His hands were shackled and his head slightly bowed.

With relatives of some of the victims watching, someone in the courtroom gallery shouted, “Hey, you’re a coward!”.

The rampage, which authorities said the gunman had carefully planned with an eye toward killing as many African-American people as he could, has touched a nerve in a country that has grown accustomed to mass shootings.

With the gunman livestreaming the attack and drawing inspiration from racist screeds from previous killers found online, it has revived a debate about guns, domestic terrorism, hate and the internet’s role in spreading it.

In the days since last weekend’s shooting, more details have emerged about what happened inside the store.

An emergency dispatcher has been sent on administrative leave after officials determined her handling of a phone call from a worker inside the store during the shooting was “completely unacceptable”, Erie County Executive Mark Poloncarz said on Wednesday.
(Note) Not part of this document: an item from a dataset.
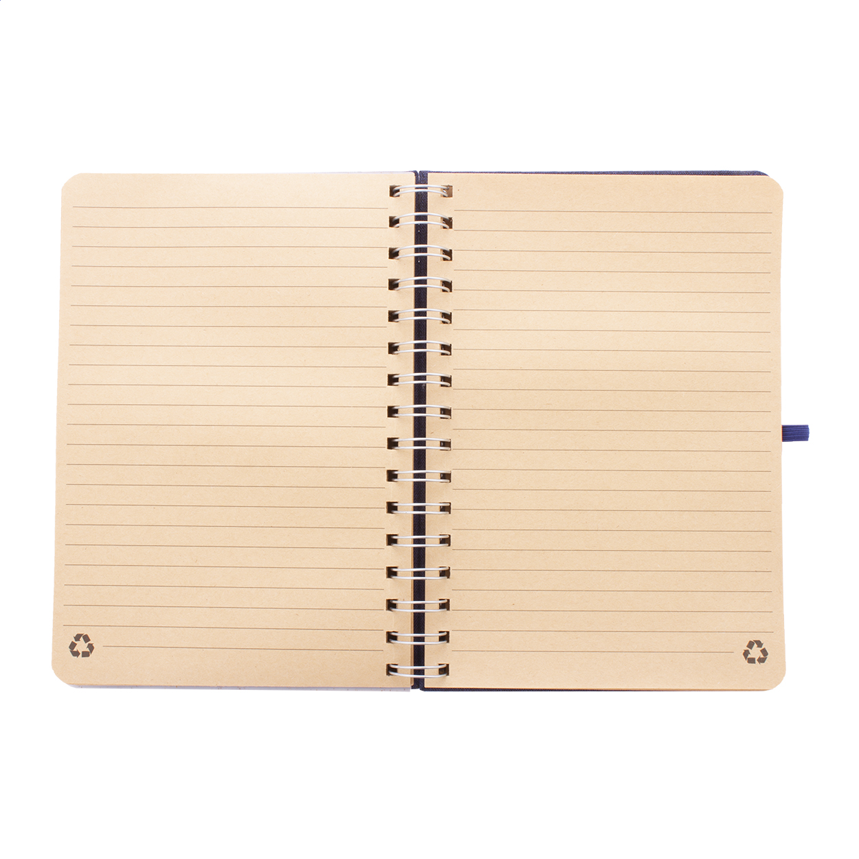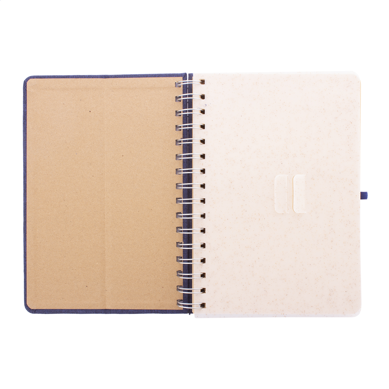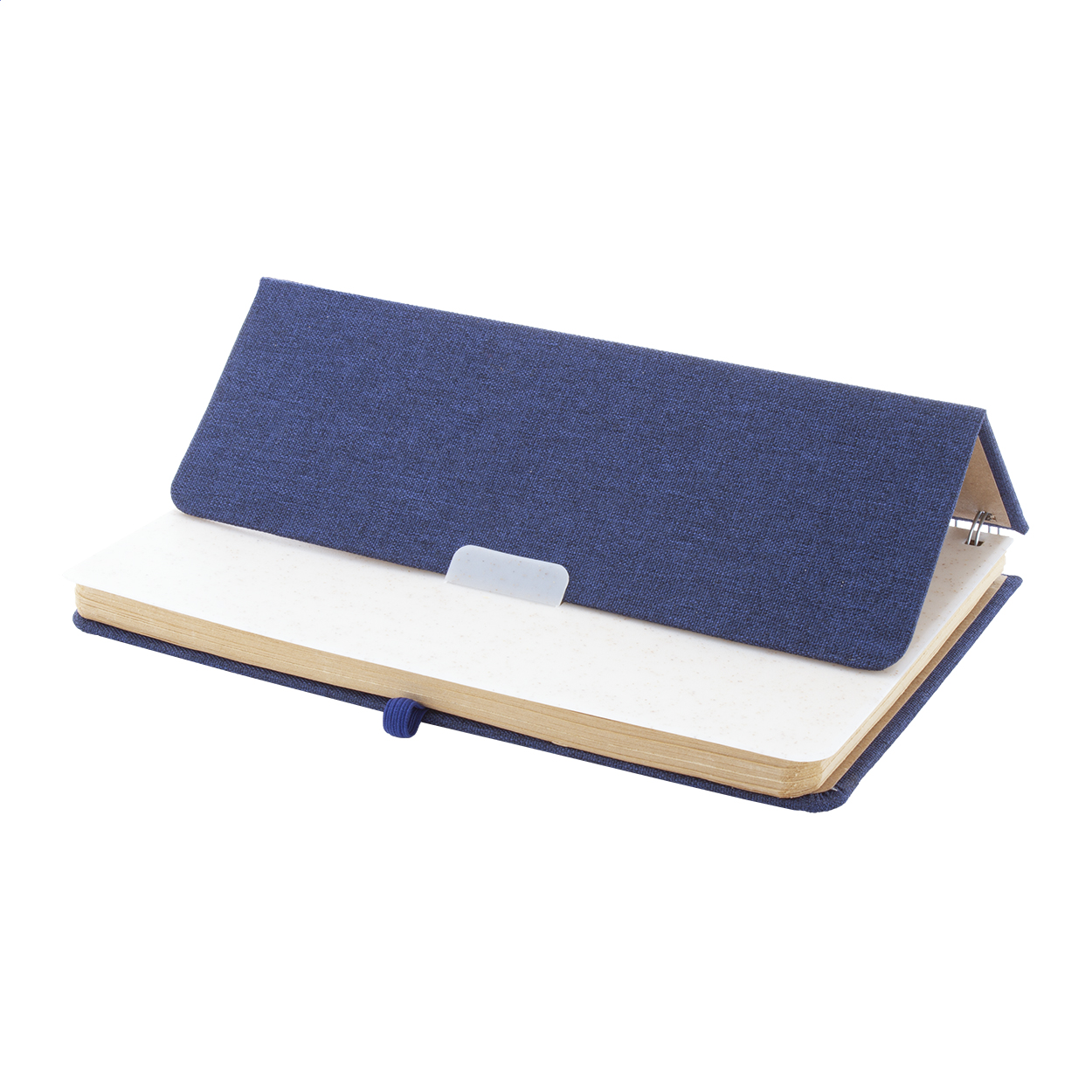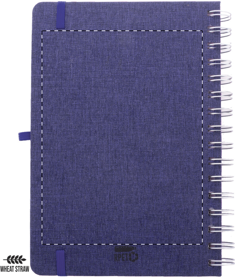 Spirálový blok A5 s deskami potaženými polyesterem RPET s plastovým držákem na mobil a tablet z pšeničné slámy. Se 70 linkovanými listy z recyklovaného kraftového papíru, gumičkou a držákem na pero.

Latisha Rogers, an assistant office manager at the supermarket, told TV station WGRZ in Buffalo that she called emergency and began whispering to the dispatcher.

The dispatcher responded with a “very nasty tone”, telling her she could not hear her.

“Out of nervousness, my phone fell out of my hand, she said something I couldn’t make out, and then the phone hung up,” Ms Rogers said.

The FBI said it was investigating the shooting as a hate crime and an act of “racially motivated violent extremism.”

Authorities have pointed to a white supremacist diatribe he is suspected of posting online before the shooting.

New York state Attorney General Letitia James on Wednesday opened an investigation into several social media platforms she said the Buffalo grocery store gunman used to plan, promote and broadcast the attack.

Governor Kathy Hochul announced additional measures aimed at curbing domestic terrorism, including legislation to tighten New York gun laws and a directive for state police to exercise their authority to disarm individuals deemed a public threat under the state’s red-flag law.